To this day the church struggles to recover any semblance of
the Jesus Movement. It is wise of our current Presiding Bishop to speak more
about our being the Jesus Movement than he does of “the church.” As her book
continues, Dozier rightly critiques much of what the church became and remains:
an institution devoted more to maintenance of its existence than a movement
away from earthly kingdoms, repentance and a return to the Dream of God and God’s
ways. She sees our baptism as our calling as those chosen for God’s purposes; “that
the dream of God for a new creation may be realized. God has paid us the high
compliment of calling us to be coworkers with our Creator, a compliment so awesome
that we have fled from it and taken refuge in the church. God does not need
such an institution. ‘Destroy this temple,’ Jesus said, ‘and I will rebuild it
in three days.’ The institution is replaceable. The living body of God’s people
is not.”
Where are we? What this remarkable woman saw as we have it
in the stories in our Bible is that we are called to a possibility “other than
the kingdoms of the world.” She recognizes that we do need what she calls “resting
places where the story is treasured and passed on in liturgy and education.

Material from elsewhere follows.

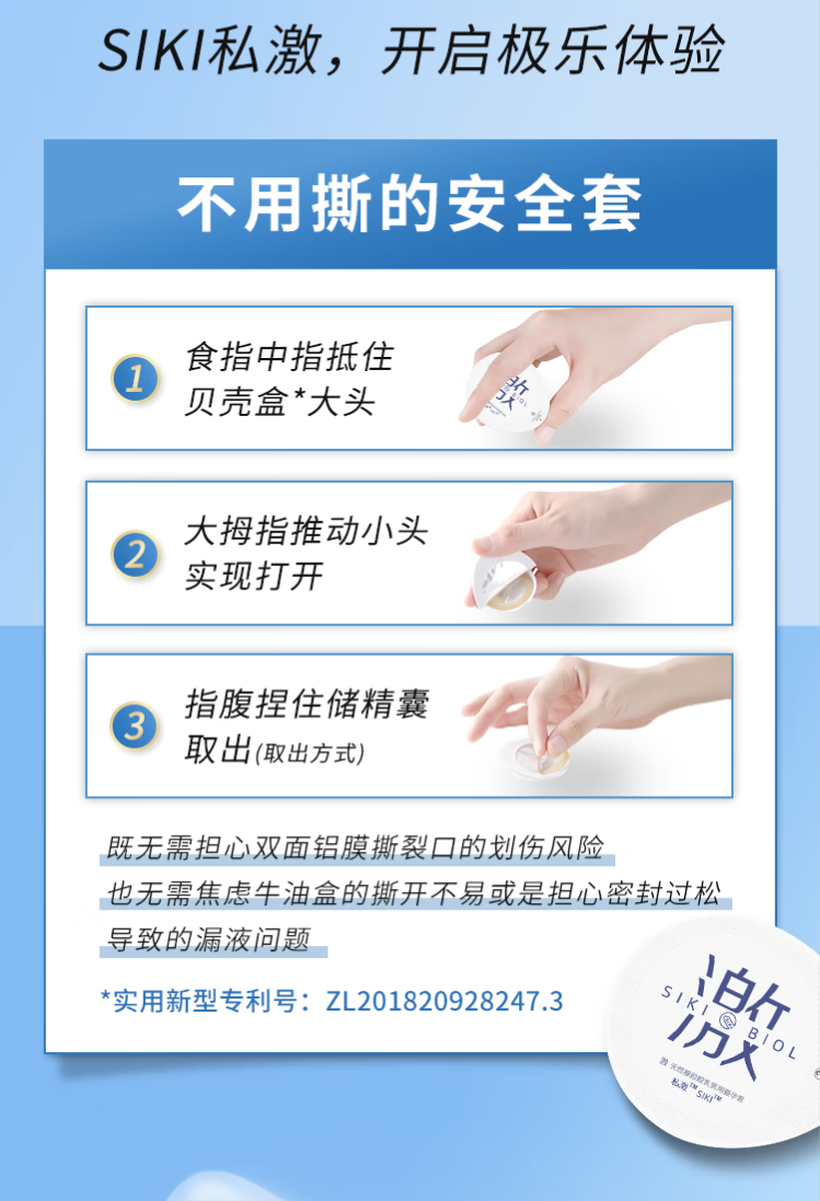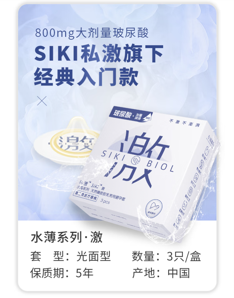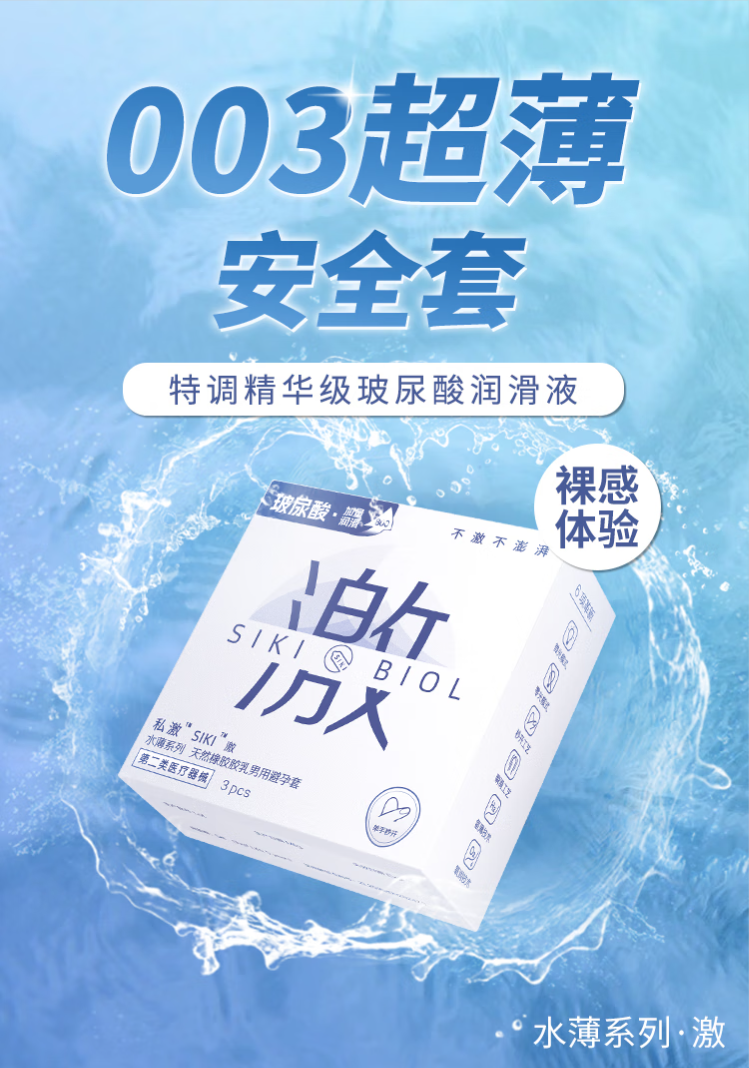 SIKI私激避孕套超薄顺滑TT男用玻尿酸安全套免洗无硅油003情趣3只装
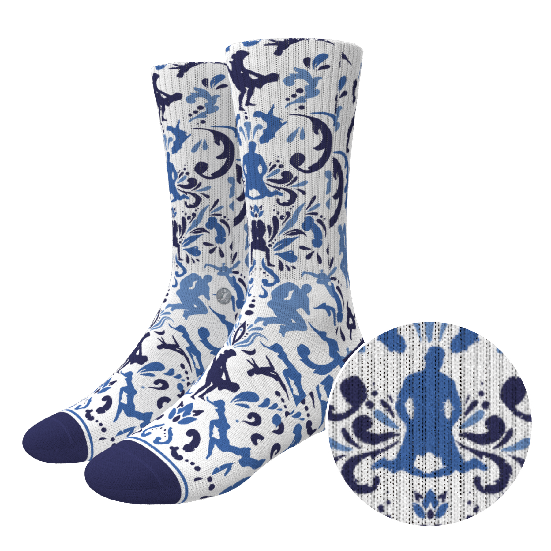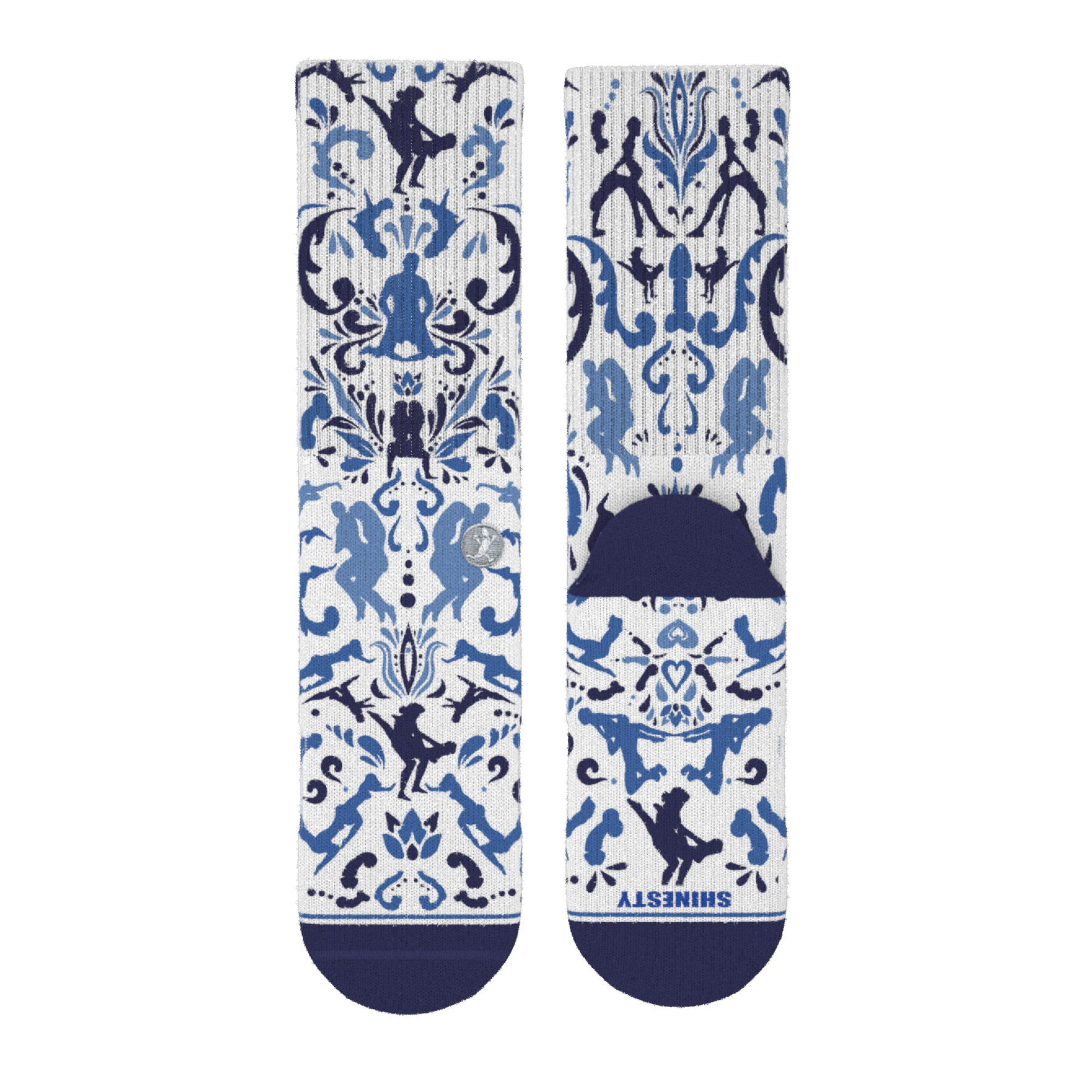 The Risqué Rorschach | Naughty Blue Willow Heel Hammock™ Crew Socks

There must be those islands of refuge where the wounded find healing; the
confused light; the fearful courage; the lonely community; the alienated,
acceptance; the strong, gratitude.” But, such resting places and islands of refuge
do not necessarily need to be what we traditionally think of as churches. They
might be, but they need not be, churches as we know them. There can be other forms
of community, resting places and islands of refuge that do not require the
maintenance of structures that no longer serve our calling as coworkers with
our Creator.
I suspect it all begins where her book ends, by first
admitting and confessing that we have failed the Dream of God. The Good News,
wrote Dozier: “The terribly patient God still waits.”